In an AS Confederation, an AS is divided into smaller Sub-autonomous systems, which are connected through EBGP to each other. Each Sub-AS acts as an independent BGP AS and runs normal IBGP internally within the Sub-AS. A single IGP is run in a complete AS and each Sub-AS has IGP routing information about all other Sub-autonomous systems. Most BGP attributes, such as LOCAL_PREF, MED, and NEXT_HOP, are preserved when updates go across a Sub-AS. The AS_PATH attribute adds the Sub-autonomous systems in the AS_PATH. To the outside world, the AS running AS Confederation appears as a single AS.
To better understand AS Confederations, you need to know about how the AS_PATH attribute operates within an AS Confederation network. Just as the AS_PATH attribute carries information about autonomous systems the updates have traversed, AS_PATH in Confederation carries Sub-AS information. Just as with the AS_PATH attribute, when a router running Confederation receives an update whose AS_PATH contains its own Sub-AS, the router drops that update to avoid loops. The two BGP attributes associated with AS Confederations are described as follows:
AS_CONFED_SEQUENCE — Defines the list of Sub-autonomous systems in the AS_PATH, in sequential order of confederated Sub-AS where the update has traversed. This is analogous to AS_SEQUENCE, as discussed in AS_PATH attribute definition.
AS_CONFED_SET — Defines the list of Sub-autonomous systems in the AS_PATH in an unordered set of Sub-AS. This can be used in situations where a Confederation Sub-AS is aggregating routes to form multiple Sub-autonomous systems. In this case, you can set AS_PATH as AS_CONFED_SET for the aggregated route; it carries the list of all Sub-AS, but their order is not maintained. This is analogous to AS_SET, as discussed in the AS_PATH attribute definition.
Figure below shows an AS 109 divided into an AS Confederation of three small Sub-AS: 65001, 65002, and 65003. Each Sub-AS runs EBGP with the other Sub-autonomous systems.
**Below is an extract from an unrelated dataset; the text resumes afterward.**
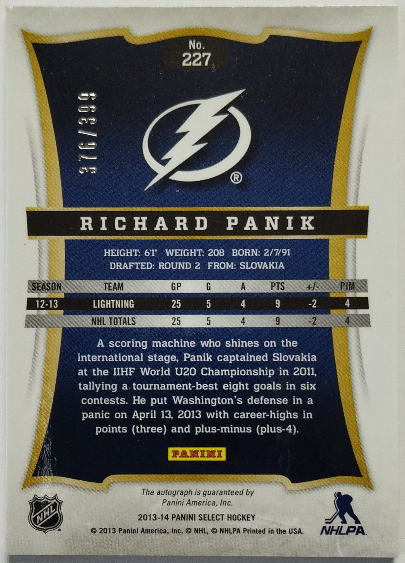 2013-14 Panini Select #227 Richard Pánik RC SN 376/399

Notice that the Sub-autonomous systems do not have a full mesh of EBGP. This is similar to the real world of BGP where all EBGP speakers are not fully meshed. Each Sub-AS treats the other Sub-autonomous systems as EBGP neighbors, thus forwarding all updates from one Sub-AS to other Sub-autonomous systems.
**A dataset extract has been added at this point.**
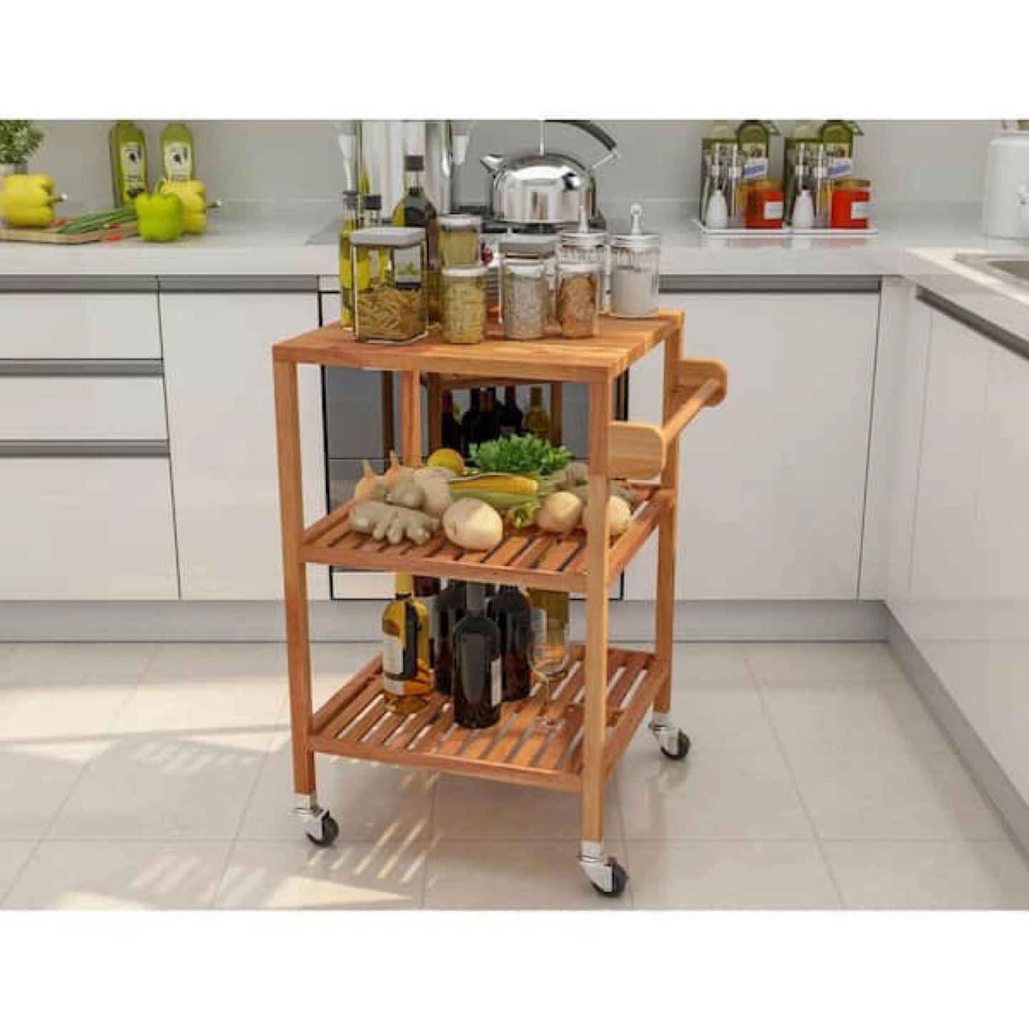 3 Tier Solid Acacia Kitchen Cart, Golden Teak

R1 in Sub-AS 65003 is running EBGP with autonomous system 110, which is advertising 184.108.40.206/24 to R1. When R1 receives the update from autonomous system 110, the prefix 220.127.116.11/24 will have the AS_PATH as 110. Sub-AS 65003 propagates this path to Sub-AS 65002 with the AS_PATH attribute as (65003) 110. In BGP output, (65003) means that this autonomous system represents a Sub-AS of an AS Confederation. When this update leaves subautonomous system 65002, the AS_PATH looks like (65002 65003) 110. When R12 in Sub-AS 65001 advertises 18.104.22.168/24 to the outside world, the AS_PATH field is stripped from the Confederation Sub-AS numbers, and the outside world is presented with AS_PATH as 109 110 for prefix 22.214.171.124/24 as if there were no Confederation in AS 109.
Although an AS Confederation offers a mechanism to avoid fully meshed IBGP in a large AS, a full mesh of IBGP is still a requirement within a Sub-AS. This presents a challenge of scaling IBGP within each Sub-AS. Each Sub-AS could then have a full mesh of IBGP or it could run Route-Reflection within each Sub-AS.
In the quest to eliminate fully meshed IBGP using Route-Reflection or AS Confederations, BGP operators look at various reasons to prefer one to the other. It depends on, among other things, how the physical network is laid out, which method requires less configuration change, and which method offers ease in managing IBGP.